### Exercise requirements
When you write out the listing, keep every character and omit the pictures.

### Materials provided
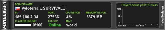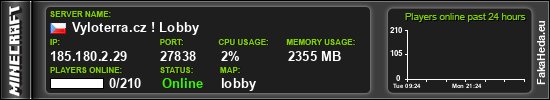 | Vyloterra ! Lobby | 0 | 210 | public | 1.21.10 | 185.180.2.29:27838 | on |
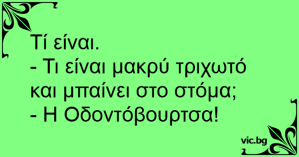 - Τι είναι μακρύ τριχωτό και μπαίνει στο στόμα;
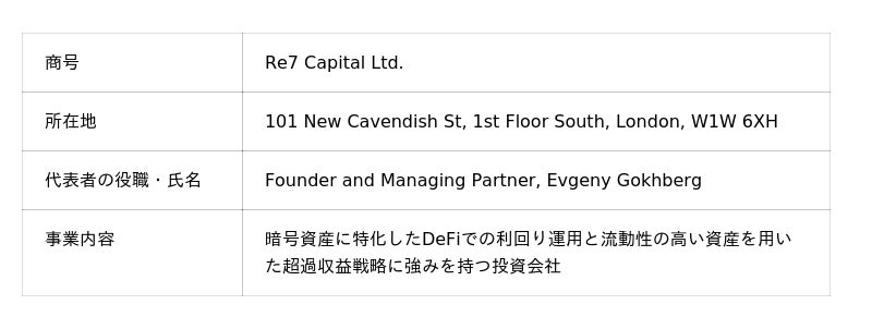 2. Re7について Re7は、英国(ロンドン)に拠点を置く暗号資産投資会社であり、分散型金融による利回り、および流動性の高いアルファ戦略[1]を専門としており、高度なアルゴリズム、独自のリスク管理手法および伝統金融の基準に合致した強固なコンプライアンスプロセスを活用するなど、洗礼された暗号資産投資戦略と実績で知られております。
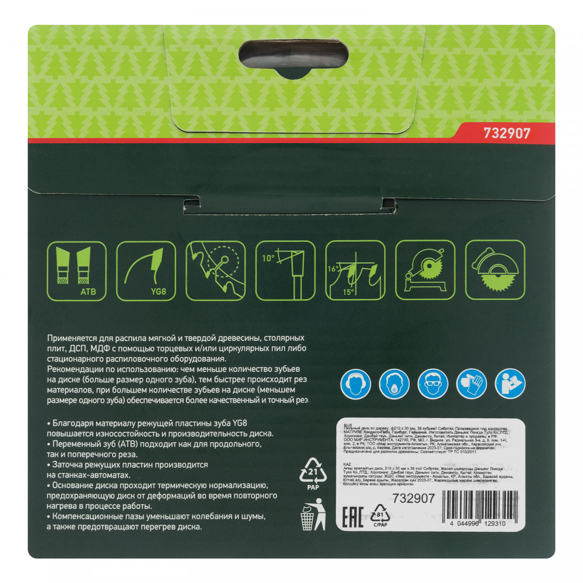 Пильный диск Сибртех 732907 диаметром 210 х 30 мм, с 36 зубьями, используется с торцовочными и циркулярными пилами, а также с распиловочными станками. Предназначен для продольного и поперечного пиления древесины мягких и твердых пород, фанеры, МДФ и ДСП. Благодаря средним зубьям достигается высокая скорость реза. Диск применяется для выполнения строительных, ремонтных работ, а также для решения бытовых задач.
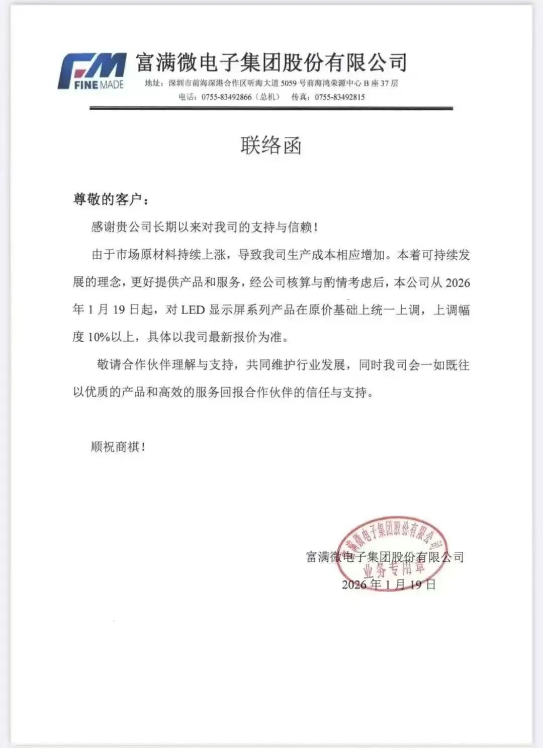 1月19日,富满微电子发布联络函表示,由于市场原材料持续上涨,导致我司生产成本相应增加。公司从2026年1月19日起,对LED显示屏系列产品在原价基础上统一上调,上调幅度10%以上,具体以其最新报价为准。
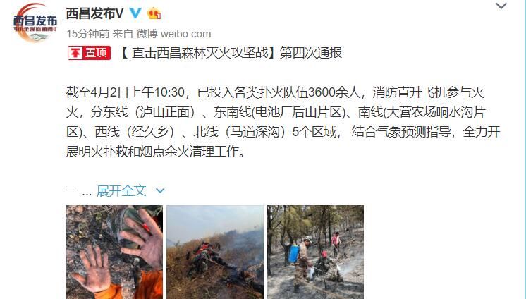 荔枝新闻讯 据@西昌发布V 4月2日消息,截至4月2日上午9:30,已投入各类扑火队伍3150人,消防直升飞机参与灭火,分东线(泸山正面)、东南线(电池厂后山片区)、南线(大营农场响水沟片区)、西线(经久乡)、北线(马道深沟)5个区域,结合气象预测指导,全力开展明火扑救和烟点余火清理工作。
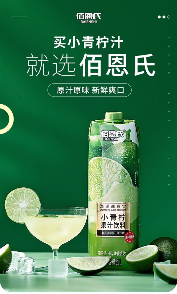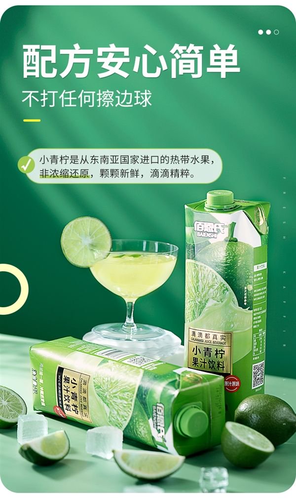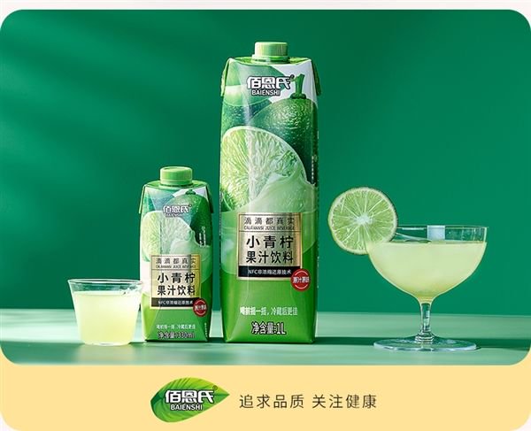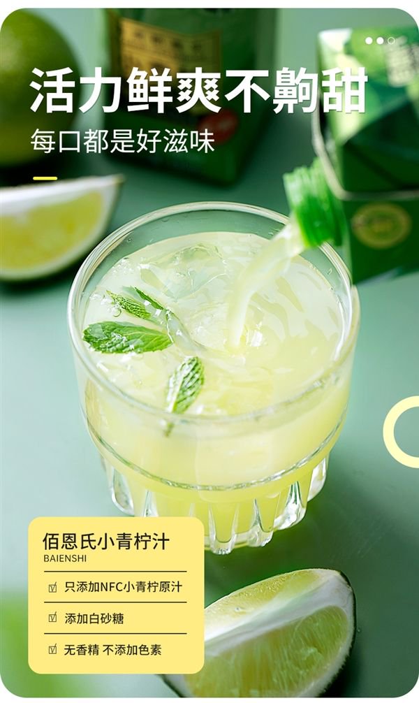 小青柠是从东南亚国家进口的热带水果,非浓缩还原,颗颗新鲜,只添加NFC小青柠原汁,无香精不添加色素,活力鲜爽不齁甜,每口都是好滋味!

### Your response
 | Vyloterra ! Lobby | 0 | 210 | public | 1.21.10 | 185.180.2.29:27838 | on |
 - Τι είναι μακρύ τριχωτό και μπαίνει στο στόμα;
 2. Re7について Re7は、英国(ロンドン)に拠点を置く暗号資産投資会社であり、分散型金融による利回り、および流動性の高いアルファ戦略[1]を専門としており、高度なアルゴリズム、独自のリスク管理手法および伝統金融の基準に合致した強固なコンプライアンスプロセスを活用するなど、洗礼された暗号資産投資戦略と実績で知られております。
 Пильный диск Сибртех 732907 диаметром 210 х 30 мм, с 36 зубьями, используется с торцовочными и циркулярными пилами, а также с распиловочными станками. Предназначен для продольного и поперечного пиления древесины мягких и твердых пород, фанеры, МДФ и ДСП. Благодаря средним зубьям достигается высокая скорость реза. Диск применяется для выполнения строительных, ремонтных работ, а также для решения бытовых задач.
 1月19日,富满微电子发布联络函表示,由于市场原材料持续上涨,导致我司生产成本相应增加。公司从2026年1月19日起,对LED显示屏系列产品在原价基础上统一上调,上调幅度10%以上,具体以其最新报价为准。
 荔枝新闻讯 据@西昌发布V 4月2日消息,截至4月2日上午9:30,已投入各类扑火队伍3150人,消防直升飞机参与灭火,分东线(泸山正面)、东南线(电池厂后山片区)、南线(大营农场响水沟片区)、西线(经久乡)、北线(马道深沟)5个区域,结合气象预测指导,全力开展明火扑救和烟点余火清理工作。
 小青柠是从东南亚国家进口的热带水果,非浓缩还原,颗颗新鲜,只添加NFC小青柠原汁,无香精不添加色素,活力鲜爽不齁甜,每口都是好滋味!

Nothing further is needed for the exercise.